» TASK TO COMPLETE: Exactly as written, print the lines from the top of the listing through the line containing "从半条街向南有一个垭口街,东"; include no pictures.
(DATASET SECTION Opens)
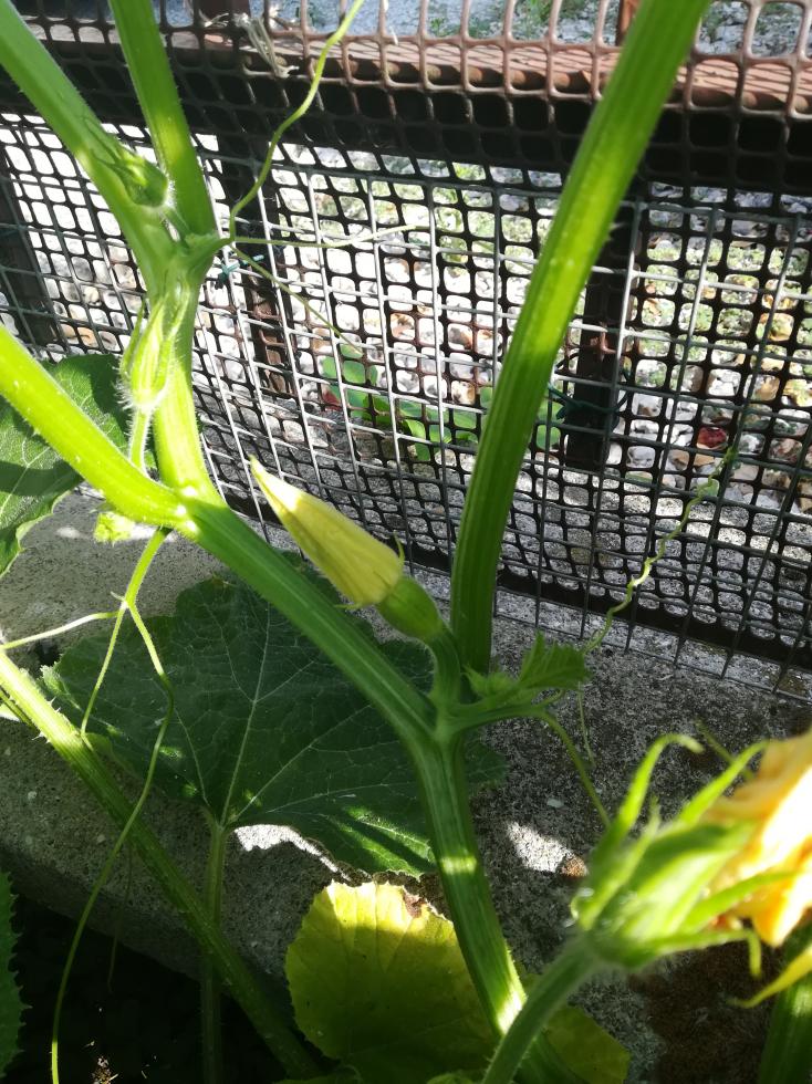 Grazie. Stamattina miracolo, un fiore femminile si è aperto, visto la difficoltà con cui questa pianta fa i fiori femminili l'ho impollinato manualmente con un pennellino, vedremo se poi il frutto si formerà. Alla fine questa è una zucca per scopo ornamentale, l'importante è che diventi arancione, non deve essere buona, quindi può anche allegare tardi.
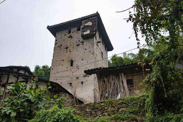 从半条街向南有一个垭口街,东面半山腰就有一座最原始的白墙碉楼,高约10米,墙体四周不同位置均设了瞭望口和射击孔,一般一个碉楼配备有30人兵力就可据守。据现住的主人介绍,这个碉楼墙体是用煤灰、石灰、黄泥加糯米(俗称三合土)镶筑而成的,十分坚固,是抵御土匪袭击的重要军事设施,现在仍然可以看到墙体上当年匪战时留下的密集弹孔,可以联想当时攻防战斗的激烈程度,本想进碉楼看一下内部结构,可惜不让进,留个遗憾。
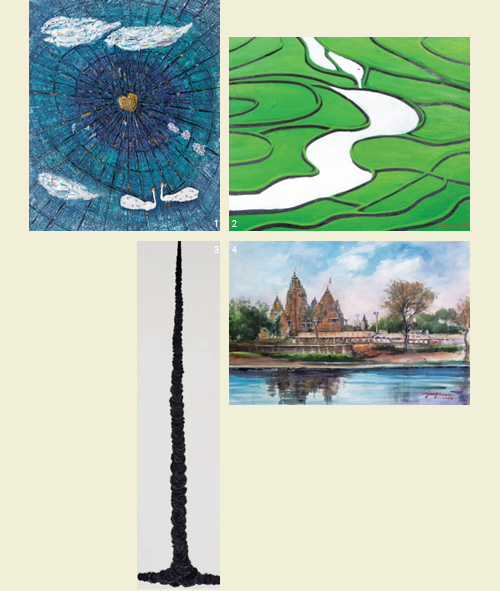 1. Kwon, Soon Ok 作_Eternal Love_72.5x60.5cm_mixed media on panel_2023 2. Kwon, Jong Sook 作_Between Happiness and Solitude 2301_90.9x72.7cm_Acrylic on Canvas_2023 3. Kyung-Hak Kim Do 作_work-N2_40.0x120cm_mixedmedia,mushroom_2022 4. Lee, Jung Soon 作_Travel to India (Kazuma)_72.7x50.0cm_Watercolor on Paper_2023
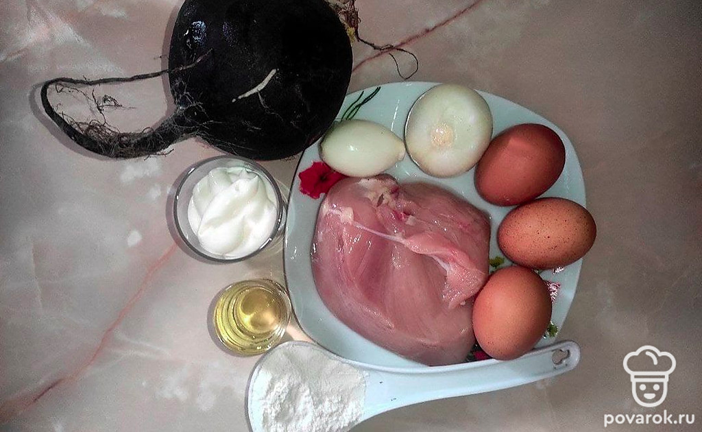 Отварите вкрутую яйца. Очистите от скорлупы. Просейте муку. Почистите лук, промойте его. Филе отчистите от пленок, если есть. Хорошо помойте мясо под водой, просушите. Редьку очистите от кожуры, также промойте.
(DATASET SECTION Closes)
» FINISHED TASK:
 Grazie. Stamattina miracolo, un fiore femminile si è aperto, visto la difficoltà con cui questa pianta fa i fiori femminili l'ho impollinato manualmente con un pennellino, vedremo se poi il frutto si formerà. Alla fine questa è una zucca per scopo ornamentale, l'importante è che diventi arancione, non deve essere buona, quindi può anche allegare tardi.
 从半条街向南有一个垭口街,东面半山腰就有一座最原始的白墙碉楼,高约10米,墙体四周不同位置均设了瞭望口和射击孔,一般一个碉楼配备有30人兵力就可据守。据现住的主人介绍,这个碉楼墙体是用煤灰、石灰、黄泥加糯米(俗称三合土)镶筑而成的,十分坚固,是抵御土匪袭击的重要军事设施,现在仍然可以看到墙体上当年匪战时留下的密集弹孔,可以联想当时攻防战斗的激烈程度,本想进碉楼看一下内部结构,可惜不让进,留个遗憾。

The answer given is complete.